Strap: Govt mulls higher compensation, improved security to resume work
Security concern
* Sources say the bigger infrastructure developers refrain from bidding for projects in Naxal-affected areas due to the security risk, though they stand to earn bigger margins
* The Devendra Fadnavis government had earlier announced plans to extend state highways in Naxal-affected areas in order to allow for speedy movement of security forces
* Though bids were invited for 43 projects, no contractor was willing to take up work in around half of them, PWD officials say
Shiv Kumar
Tribune News Service
Mumbai, May 7
The work on a road project that was targeted by Naxals in which 15 security personnel were killed earlier this month has come to a halt.

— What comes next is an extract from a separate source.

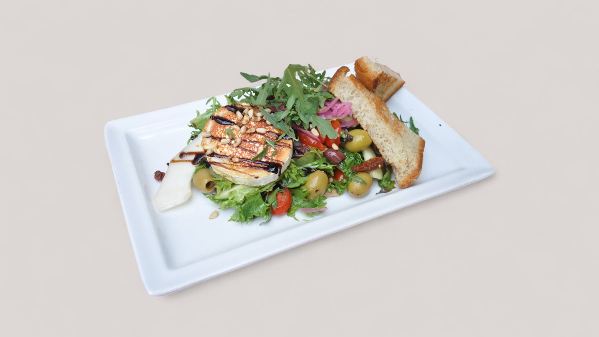 Paahdettua vuohenjuustoa, melonia, aurinkokuivattua tomaattia, oliiveja, marinoitua punasipulia, sitruunainen oliiviöljykastike
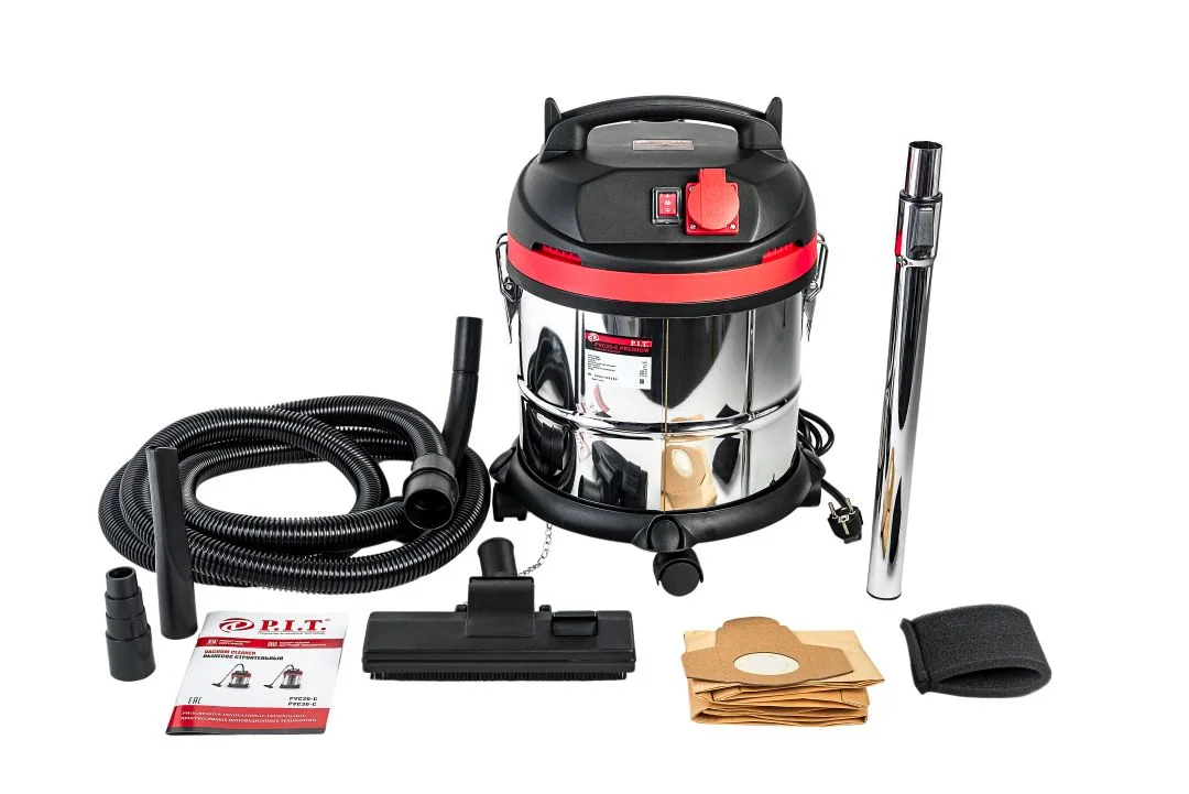 Пылесос, коробка, шланг гофрированный, насадка для сухой и влажной уборки, щелевая насадка, универсальный адаптер для электроинструмента, бумажный мешок, фильтр складчатый бумажный, фильтр поролоновый, удлинитель телескопический, ролики поворотные, руководство по эксплуатации

Officials said more than a hundred workers employed with the contractor building the 36-km stretch between Purada and Yerkad in Gadchiroli district have run away following the May 1 attack.
Officials say the state government is mulling higher compensation and improved security for the contractor and workers so that work on the road project resumes at the earliest.
"The contractor has lost crores of rupees and his workers have run away after the incident," a state public works department official said.
Amar Infrastructure Pvt Ltd, a Chhattisgarh-based company, had bagged the contract to build the road through Naxal-infested areas last year. The contractor had bid Rs135 crore for constructing this section of the Purada-Yerkad road. "Around 12 km of the road has so far been constructed. Though there were Naxal threats over the past few weeks, there was no disruption till May 1," the official added.
The Maoists had first set on fire 25 vehicles and a hot asphalt mix plant that was being used to construct the road in the wee hours of May 1. Later in the day, they set off an IED, which claimed the lives of 15 personnel of the state reserve police force and the driver of the vehicle they were travelling in.
The police personnel were on their way to investigate the arson incident. It is still not clear why adequate security was not provided at the spot where the vehicles and equipment were clustered together, making them a sitting duck for the Maoists.
Local police officials who interrogated some of the workers said they were not seriously harmed by the Naxals, though some of them who tried to prevent the vehicles being set afire were roughed up. The workers mostly hail from the tribal areas of Maharashtra and Chhattisgarh, police said.